In JavaScript, using jQuery style for simplicity, the preceding code looks as follows:
var url = "http://localhost:8983/solr/paintings/select?q=*:*&rows=0&facet=on&facet.field="+field_name+"&wt=json&json.nl=map"; $.getJSON(url, function(data) { var facets = data.facet_counts.facet_fields[field_name]; for(f in facets){ // handle facet f } });
Note how both these snippets construct the URL with string concatenation, and in both cases the JSON result can be parsed directly as a structured object that is generally an associative array (the specific type will depend on the language used), which is similar to the NamedList
object in the Solr API. Approximately the same can be easily done in Groovy, Scala, Python, or the language that you prefer by using a third-party implementation of JSON at http://www.json.org/.
On the other hand, the XML format will probably remain the best choice if you need validation over a schema, or, for example, if you want to continue using libraries that already support it for the persistence layer.
Also note how the JavaBin serialization can be an interesting alternative format. This is intuitively useful while using a Java (or JVM compliant, via BSF) client, but there can be alternative implementations written directly using other languages to marshal the objects.
A brief introduction to the JavaBin marshalling is found on wiki: http://wiki.apache.org/solr/javabin, that also contains a two-liner example in Java.

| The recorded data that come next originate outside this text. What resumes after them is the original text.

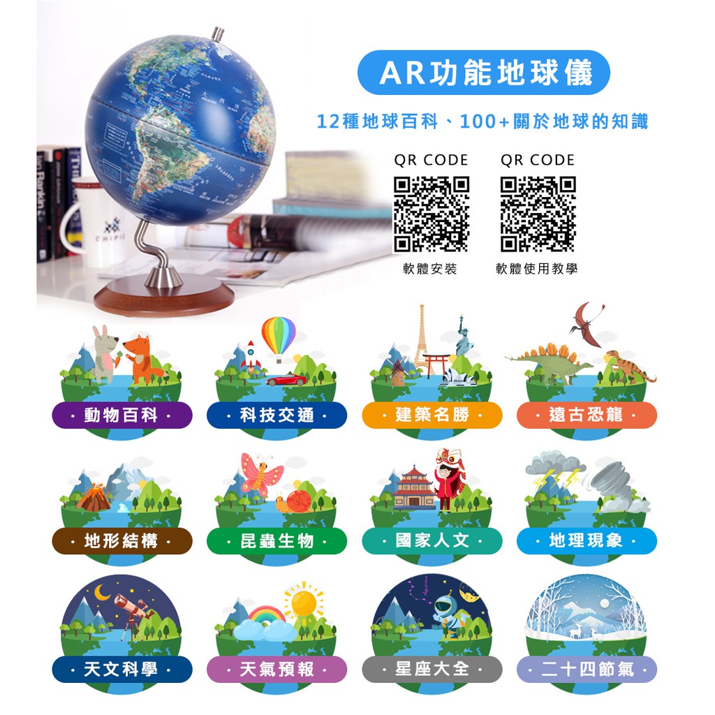 [領券再折]【SkyGlobe】10吋衛星金屬手臂地球儀(有燈/無燈)(中英文版)-共2款《泡泡生活》AR互動款無燈|有燈OthersAll my life 泡泡生活
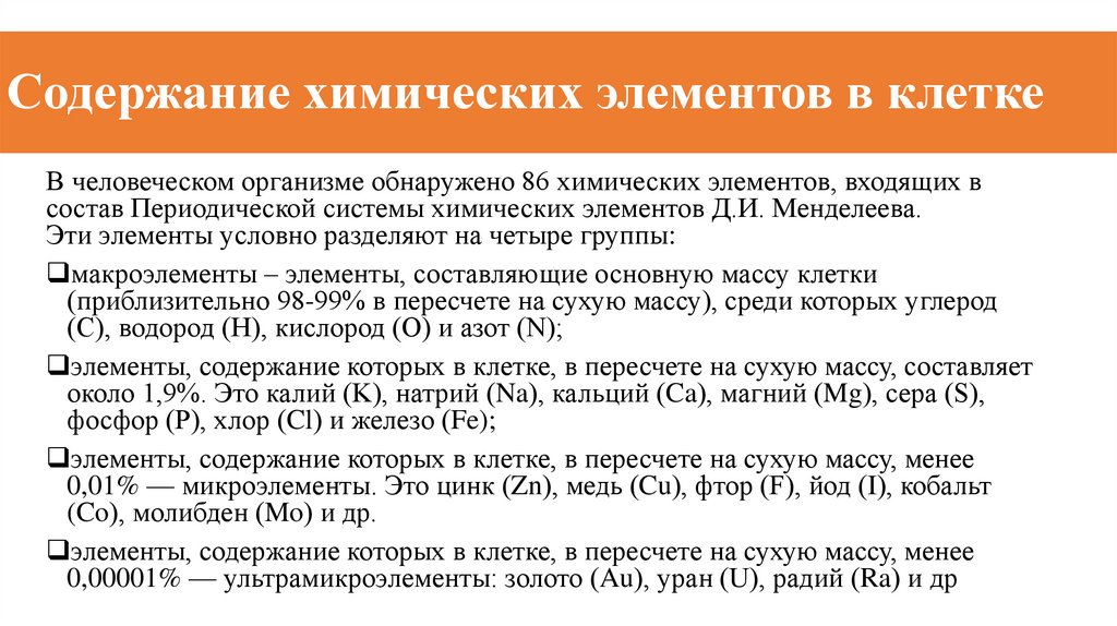 Содержание химических элементов в клеткеВ человеческом организме обнаружено 86 химических элементов, входящих в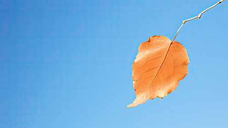old dry birch leaf closeup on a branch of a tree and a blank space for the text
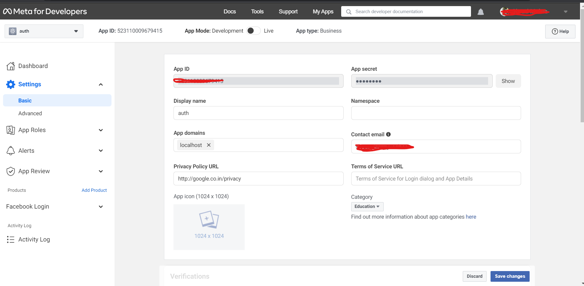 - After creating an app, click on setting present on the left side and then select basic, and do the following change done in below image and we will get AppID and App Secret.

The existing third-party clients for Solr, however, encapsulate the HTTP level as well as the parsing of a JSON or XML result. This way, they can offer a more appropriate object-oriented design to expose a simplifier and natural access to data.
The most interesting language to start with while searching for a Solr client is probably JavaScript, as it permits us to consume the Solr services directly into some kind of HTML visualization, if we need it. It is useful on the server side too if you plan to use server-side JavaScript interpreters, for example, Node.js. We already saw how it is possible to use JavaScript to consume a Solr Java object internally in an update workflow, or externally by calling the code from Java. And if we plan to use JavaScript to directly parse the XML or JSON results of some query and to construct queries too, we can do both from the client and the server side in pretty much the same way as with every service exposed on the Web, for example, the Twitter API.
If you look for some more structured libraries built on top of JavaScript, and are aware of the Solr services format, you can take a look at facetviews by Open Knowledge foundation (http://okfnlabs.org/facetview/) that supports both Solr and ElasticSearch, and ajax-solr by Evolving Web (https://github.com/evolvingweb/ajax-solr). The latter is the most known and mature HTML/JavaScript frontend for Solr, and I strongly suggest you have a look at it for your prototypes. You can easily start following the very good tutorial (https://github.com/evolvingweb/ajax-solr/wiki/reuters-tutorial) that will help you construct the same interface you can see in the demo (http://evolvingweb.github.io/ajax-solr/examples/reuters/index.html). The entire library is conceived to help you construct a Solr frontend with HTML and JavaScript, but you can, of course, use only the JavaScript part, if you plan to use it only for parsing data from /
and to Solr. I have not done any tests of this, but it can be a good experimentation to do on the server side, for example, with node.js.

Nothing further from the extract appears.